:: Supplied material ::

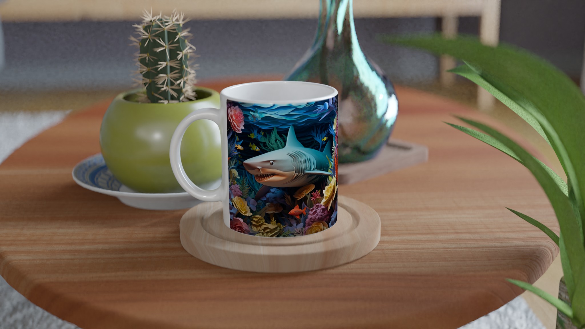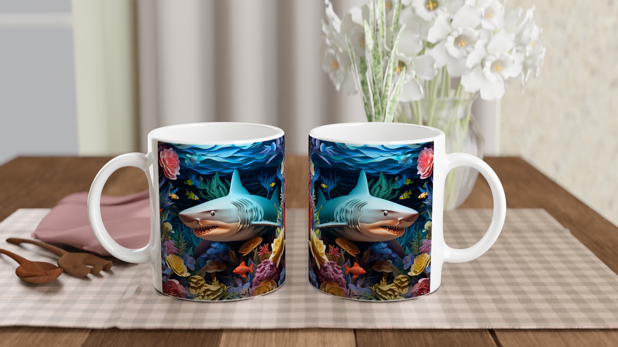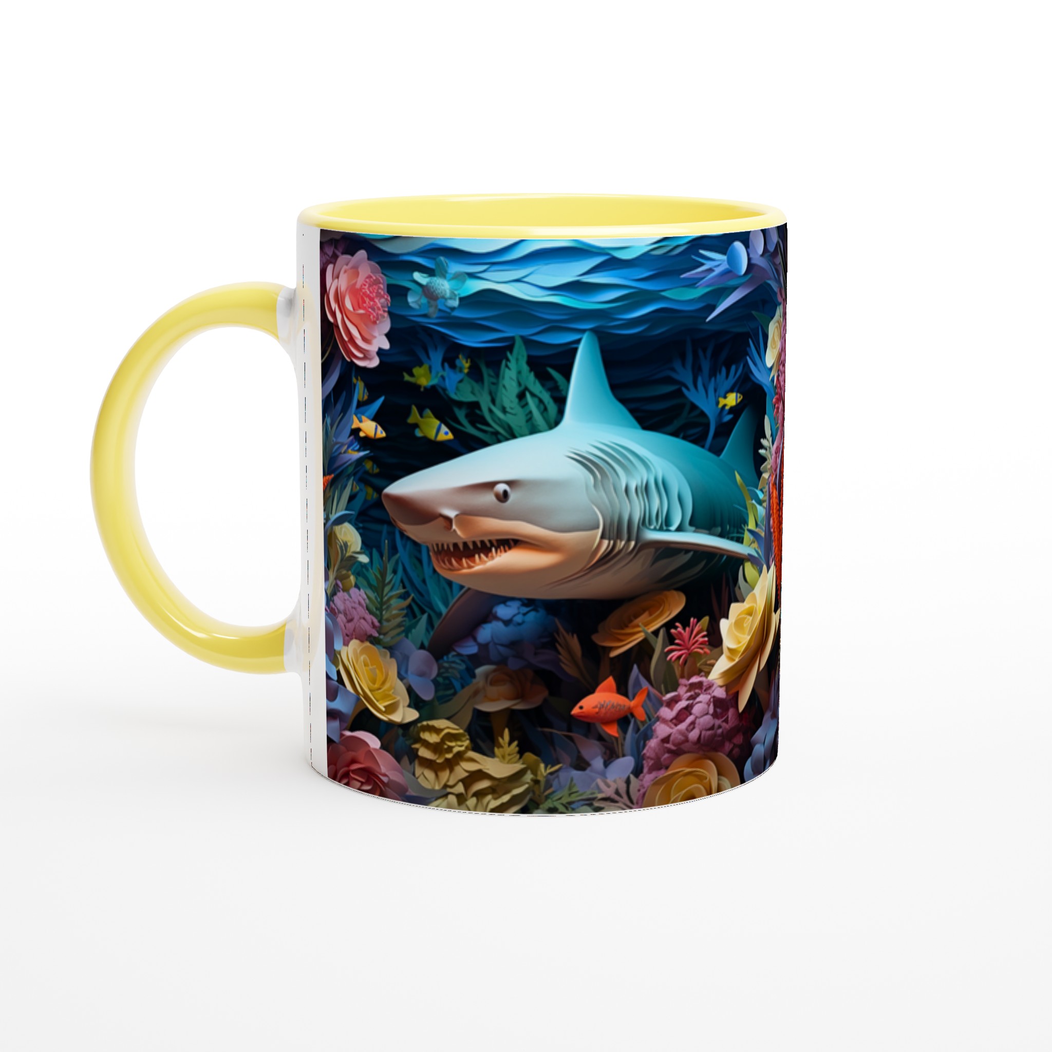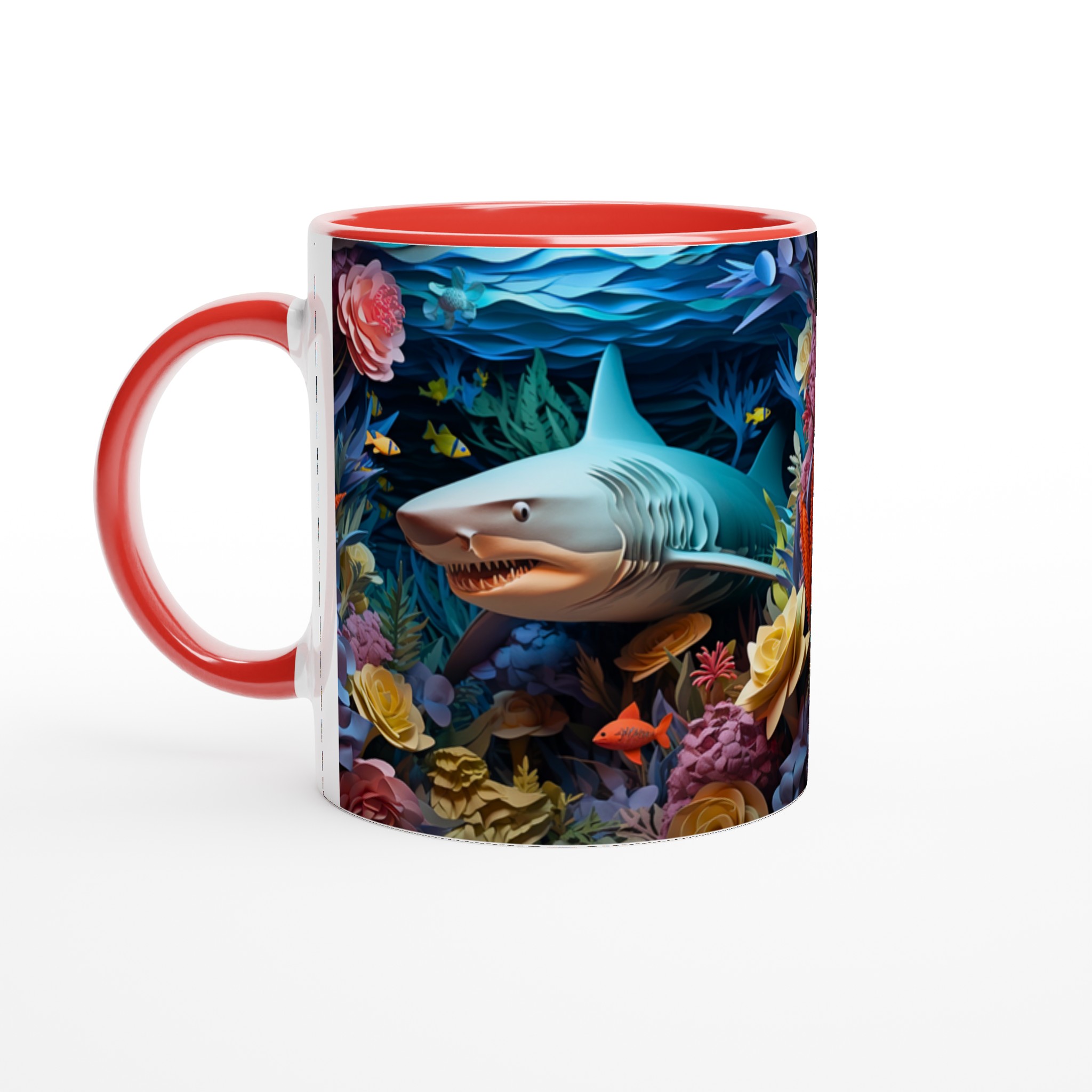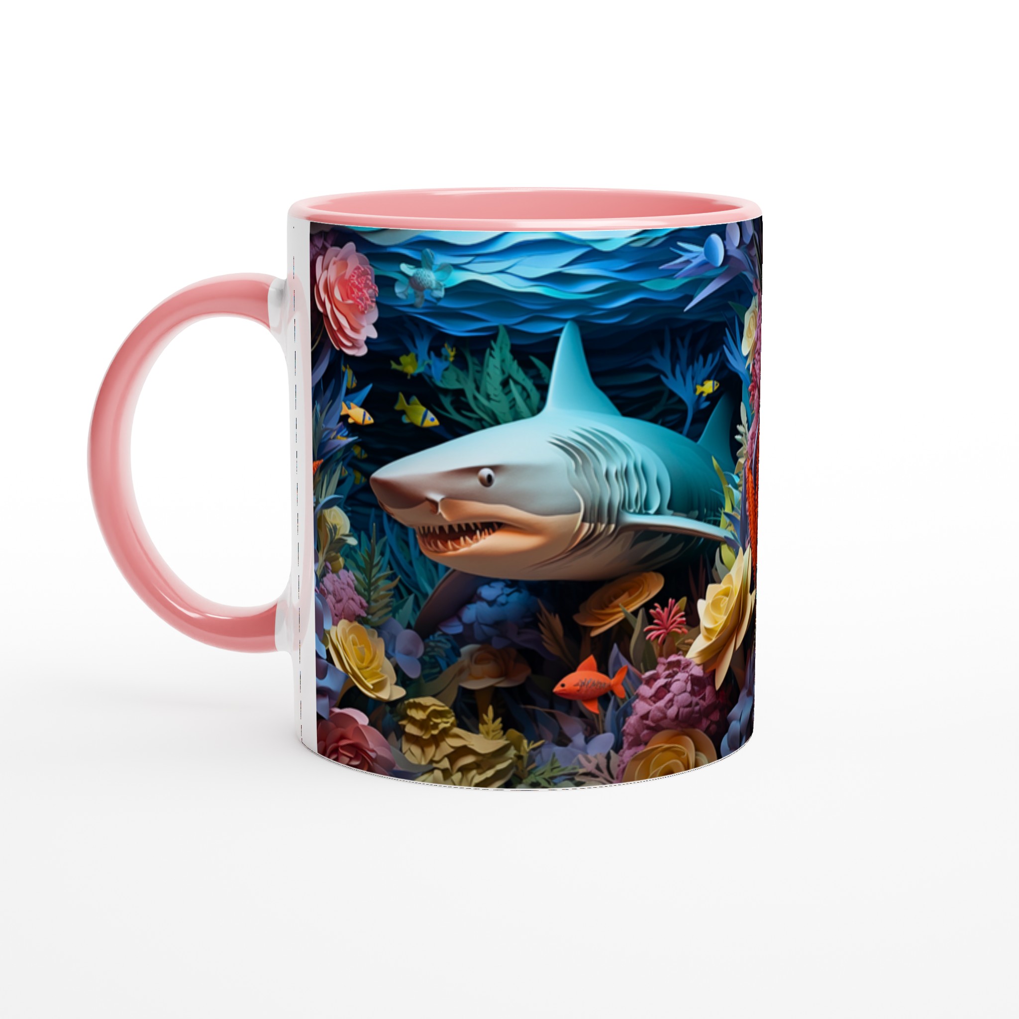 Dyk ner i en värld av färg och fantasi med vår spektakulära hajmugg. Med ett levande undervattensmotiv skapat med intrikata pappersutskärningar av hajar, färgglada fiskar och frodigt marint liv, är denna mugg mer än bara en kopp – den är ett konstverk. Den rika paletten av blått, grönt, rosa och orange väcker liv i varje detalj och skapar en känsla av äventyr med varje klunk.
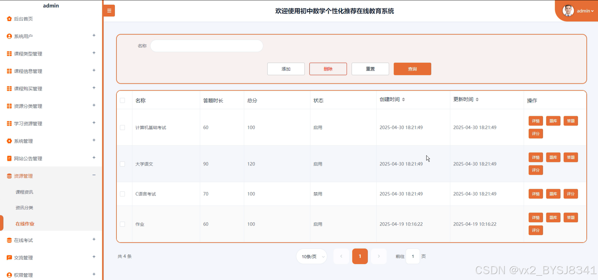 5. 资源管理(在线作业):创建、发布、管理在线作业,并查看学生的提交情况。
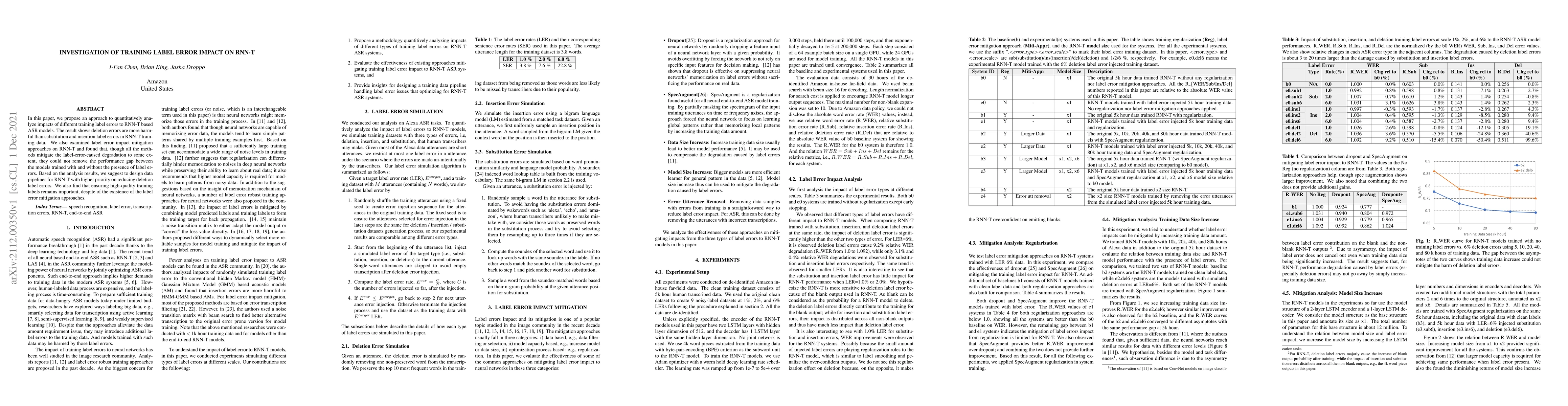 This paper investigates how various training label errors affect RNN-T based ASR models, finding that deletion errors are more detrimental than substitution or insertion errors. It also explores mitigation strategies, concluding that while they help, they cannot fully eliminate performance gaps caused by label errors, emphasizing the importance of minimizing deletion errors and maintaining high-quality training data.
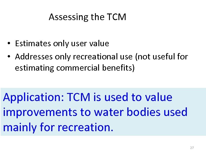 Assessing the TCM • Estimates only user value • Addresses only recreational use (not useful for estimating commercial benefits) Application: TCM is used to value improvements to water bodies used mainly for recreation. 27
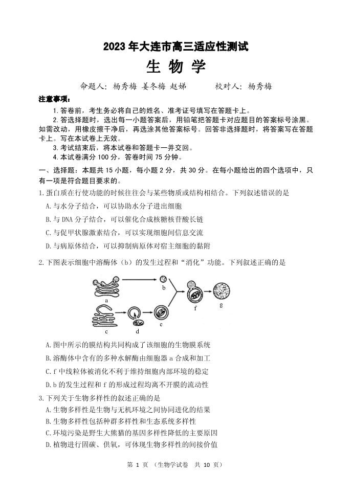 高三生物--辽宁省大连市2023届高三适应性测试(二)(大连二模)
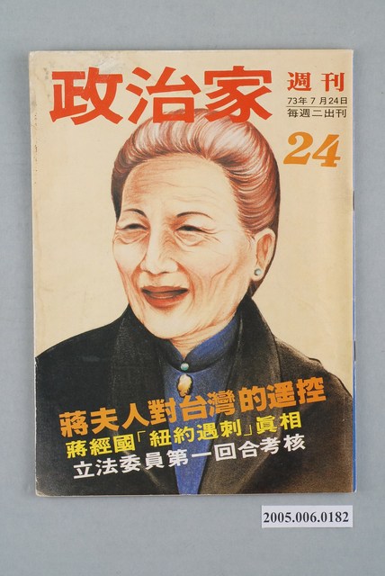 此物件為《政治家》雜誌,於1981年創辦,主要的創辦人為鄧維楨,相關系列刊物有《民主人》、《民主政治》、《民主叢書》、《觀察》等。鄧維楨為《大學雜誌》的創辦人,此雜誌於1960年代末期至1970年代初為臺灣社會帶來監督政府、社會改革的風氣,而到了美麗島事件後,造成民眾對政治議題的關心,鄧維楨也隨之創辦《政治家》雜誌,但因個人問題後改為弟弟鄧維賢負責,《政治家》主要介紹黨外人物,也加以介紹黨外的活動以及評論政治時局,有時也會述說黨外內部的爭議。 「黨外」一詞主要為非中國國民黨的臺灣政治勢力,而「黨外」政治勢力,主要的宣傳方式為「黨外雜誌」,「黨外雜誌」最早如1950年代的《自由中國》、1970年代的《大學》、《臺灣政論》,後在1980年代「黨外雜誌」發展蓬勃,代表刊物為《八十年代》與《美麗島》,最終,這股媒體趨勢在1986年民進黨成立、1987年解除戒嚴之後逐漸式微。「黨外雜誌」在當時激起了臺灣民眾的民主意識,也逐步促成了言論自由開放。(蕭淑玲,2006,153-155)。
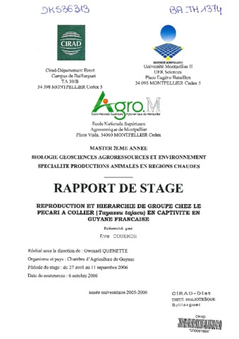 Coueron Eve. 2006. Reproduction et hiérarchie de groupe chez le pécari à collier (Tayassu tajacu) en captivité en Guyane Française. Montpellier : UM2, 60 p. Mémoire de master 2 : Biologie géosciences agroressources et environnement. Productions animales en régions chaudes : Université Montpellier 2
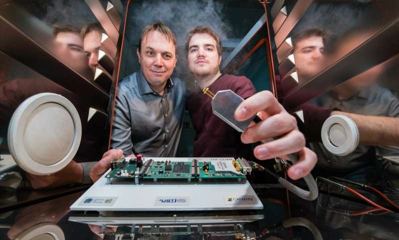 一個(gè)即使在高溫工業(yè)烤箱中也能精確測量空氣濕度的傳感器系統(tǒng):由AndreasSchütze教授領(lǐng)導(dǎo)的研究團(tuán)隊(duì)的項(xiàng)目經(jīng)理Tilman Sauerwald(左)和博士生Henrik Lensch。(照片來源:Oliver Dietze
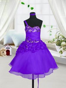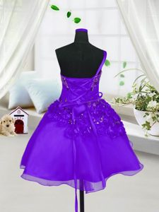 Dramatic Knee Length Lace Up Little Girls Pageant Dress Eggplant Purple and In for Party and Wedding Party with Beading and Hand Made Flower
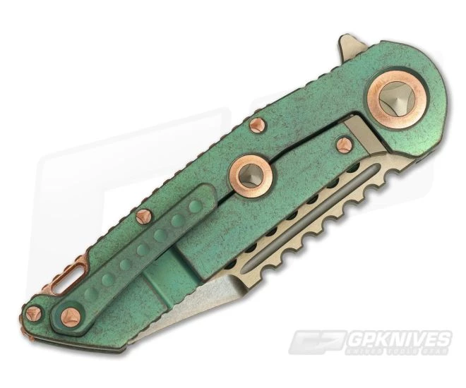 Handle: The 6AL4V Titanium Frame Lock construction is subtly contoured with chamfered edges for optimal comfort. Strategic jimping on the handles along with the full length jimping on the copper backspacer offer excellent traction. The Antique Green anodized finish is tumbled exposing the copper undertones which are highlighted by the copper pivot collar, over travel stop, hardware and backspacer. A hardened steel lock face delivers smooth, reliable operation on this massive flipper. Inside the frame the backspacer is marked with both Marfione’s logos and names along with “014 08/2018 U.S.A.”.
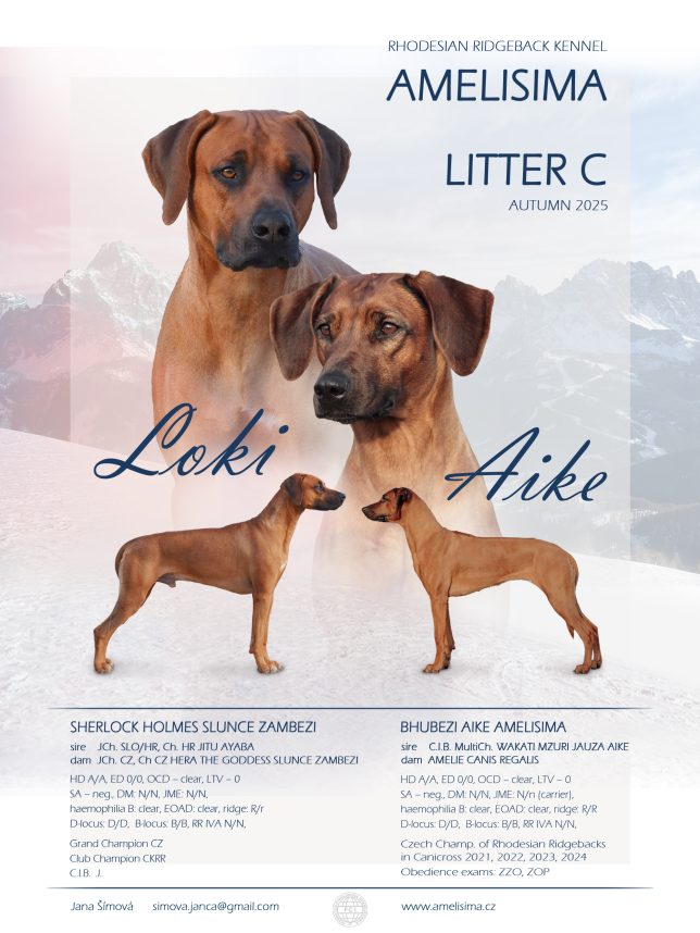 Tatínek štěňátek je mladý pes s vyrovnanou a přátelskou povahou, který je úspěšný na výstavách. Žije společně s desetiletým ridgebackem Kevinem. Na informace o Lokiho rodokmenu se můžete podívat zde, aktuální informace a fotky jsou na facebookových stránkách.
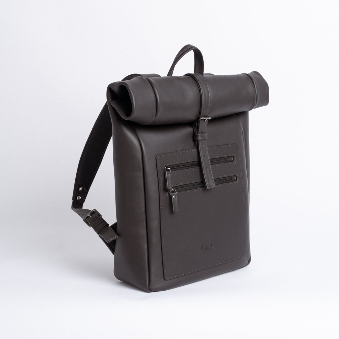 Handcrafted from genuine and luxurious Italian leather, this roll-top backpack is a statement piece for some wider shoulders.
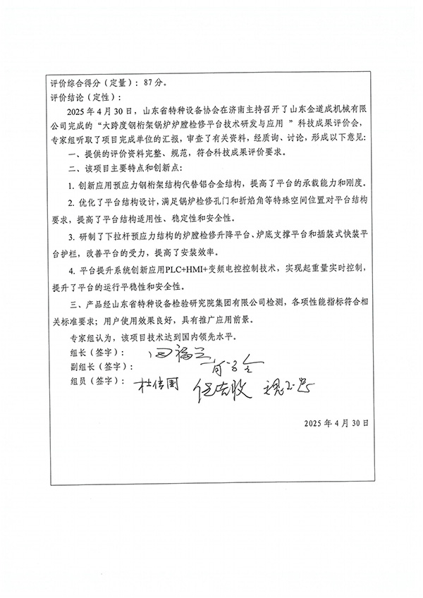 4月30日,山東省特種設備協會組織召開“大跨度鋼桁架鍋爐爐膛檢修平臺技術研發與應用”科技成果評價會,對山東金道成機械有限公司的創新項目進行評估。此次會議匯聚行業頂尖專家,最終認定該技術達到國內領先水平,為鍋爐檢修領域注入新動能。
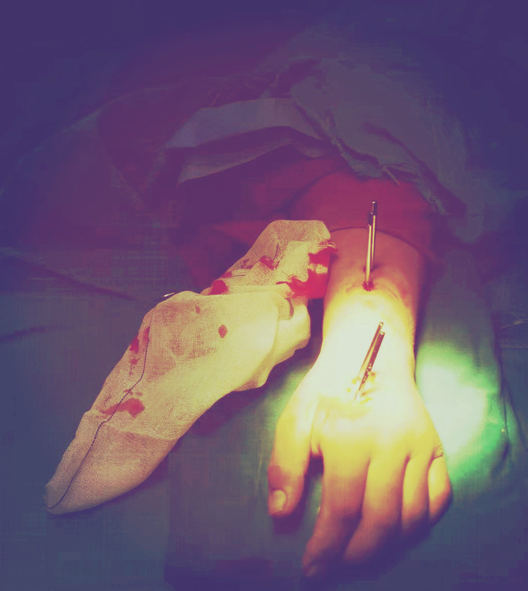 患者李先生,因高处坠落,导致左腕关节粉碎性骨折,伤势十分严重。副主任医师侯卫涛接诊后,仔细为患者查体,耐心安抚患者情绪。考虑到传统切开复位,需同时行掌侧及背侧切口,多个细克氏针固定,以维持复位状态,手术操作难度大,时间长,创伤大,很有可能因骨折粉碎,术中无法完全复位,同时又大大增加了骨折不愈合的几率。在与主任医师卜祥朋主任仔细斟酌和讨论后,决定给予目前最微创、可行的方案——腕关节闭合复位外固定架固定术。副主任医师侯卫涛积极完善术前准备,于1月23日上午为患者实施手术,术中置入外固定架,保证腕关节尺偏位不断的牵引复位,配合手法整复,C型臂实时透视,最终桡骨远端关节面基本平整,掌倾角及尺倾角基本恢复,历时两个多小时,手术顺利完 成,患者安返病房,目前正在进一步康复中。

:::

Task to carry out:
All of the records need to be restated word for word, but not the pictures.

Output of the task:
 Dyk ner i en värld av färg och fantasi med vår spektakulära hajmugg. Med ett levande undervattensmotiv skapat med intrikata pappersutskärningar av hajar, färgglada fiskar och frodigt marint liv, är denna mugg mer än bara en kopp – den är ett konstverk. Den rika paletten av blått, grönt, rosa och orange väcker liv i varje detalj och skapar en känsla av äventyr med varje klunk.
 5. 资源管理(在线作业):创建、发布、管理在线作业,并查看学生的提交情况。
 This paper investigates how various training label errors affect RNN-T based ASR models, finding that deletion errors are more detrimental than substitution or insertion errors. It also explores mitigation strategies, concluding that while they help, they cannot fully eliminate performance gaps caused by label errors, emphasizing the importance of minimizing deletion errors and maintaining high-quality training data.
 Assessing the TCM • Estimates only user value • Addresses only recreational use (not useful for estimating commercial benefits) Application: TCM is used to value improvements to water bodies used mainly for recreation. 27
 高三生物--辽宁省大连市2023届高三适应性测试(二)(大连二模)
 此物件為《政治家》雜誌,於1981年創辦,主要的創辦人為鄧維楨,相關系列刊物有《民主人》、《民主政治》、《民主叢書》、《觀察》等。鄧維楨為《大學雜誌》的創辦人,此雜誌於1960年代末期至1970年代初為臺灣社會帶來監督政府、社會改革的風氣,而到了美麗島事件後,造成民眾對政治議題的關心,鄧維楨也隨之創辦《政治家》雜誌,但因個人問題後改為弟弟鄧維賢負責,《政治家》主要介紹黨外人物,也加以介紹黨外的活動以及評論政治時局,有時也會述說黨外內部的爭議。 「黨外」一詞主要為非中國國民黨的臺灣政治勢力,而「黨外」政治勢力,主要的宣傳方式為「黨外雜誌」,「黨外雜誌」最早如1950年代的《自由中國》、1970年代的《大學》、《臺灣政論》,後在1980年代「黨外雜誌」發展蓬勃,代表刊物為《八十年代》與《美麗島》,最終,這股媒體趨勢在1986年民進黨成立、1987年解除戒嚴之後逐漸式微。「黨外雜誌」在當時激起了臺灣民眾的民主意識,也逐步促成了言論自由開放。(蕭淑玲,2006,153-155)。
 Coueron Eve. 2006. Reproduction et hiérarchie de groupe chez le pécari à collier (Tayassu tajacu) en captivité en Guyane Française. Montpellier : UM2, 60 p. Mémoire de master 2 : Biologie géosciences agroressources et environnement. Productions animales en régions chaudes : Université Montpellier 2
 一個(gè)即使在高溫工業(yè)烤箱中也能精確測量空氣濕度的傳感器系統(tǒng):由AndreasSchütze教授領(lǐng)導(dǎo)的研究團(tuán)隊(duì)的項(xiàng)目經(jīng)理Tilman Sauerwald(左)和博士生Henrik Lensch。(照片來源:Oliver Dietze
 Dramatic Knee Length Lace Up Little Girls Pageant Dress Eggplant Purple and In for Party and Wedding Party with Beading and Hand Made Flower
 Handle: The 6AL4V Titanium Frame Lock construction is subtly contoured with chamfered edges for optimal comfort. Strategic jimping on the handles along with the full length jimping on the copper backspacer offer excellent traction. The Antique Green anodized finish is tumbled exposing the copper undertones which are highlighted by the copper pivot collar, over travel stop, hardware and backspacer. A hardened steel lock face delivers smooth, reliable operation on this massive flipper. Inside the frame the backspacer is marked with both Marfione’s logos and names along with “014 08/2018 U.S.A.”.
 Tatínek štěňátek je mladý pes s vyrovnanou a přátelskou povahou, který je úspěšný na výstavách. Žije společně s desetiletým ridgebackem Kevinem. Na informace o Lokiho rodokmenu se můžete podívat zde, aktuální informace a fotky jsou na facebookových stránkách.
 Handcrafted from genuine and luxurious Italian leather, this roll-top backpack is a statement piece for some wider shoulders.
 4月30日,山東省特種設備協會組織召開“大跨度鋼桁架鍋爐爐膛檢修平臺技術研發與應用”科技成果評價會,對山東金道成機械有限公司的創新項目進行評估。此次會議匯聚行業頂尖專家,最終認定該技術達到國內領先水平,為鍋爐檢修領域注入新動能。
 患者李先生,因高处坠落,导致左腕关节粉碎性骨折,伤势十分严重。副主任医师侯卫涛接诊后,仔细为患者查体,耐心安抚患者情绪。考虑到传统切开复位,需同时行掌侧及背侧切口,多个细克氏针固定,以维持复位状态,手术操作难度大,时间长,创伤大,很有可能因骨折粉碎,术中无法完全复位,同时又大大增加了骨折不愈合的几率。在与主任医师卜祥朋主任仔细斟酌和讨论后,决定给予目前最微创、可行的方案——腕关节闭合复位外固定架固定术。副主任医师侯卫涛积极完善术前准备,于1月23日上午为患者实施手术,术中置入外固定架,保证腕关节尺偏位不断的牵引复位,配合手法整复,C型臂实时透视,最终桡骨远端关节面基本平整,掌倾角及尺倾角基本恢复,历时两个多小时,手术顺利完 成,患者安返病房,目前正在进一步康复中。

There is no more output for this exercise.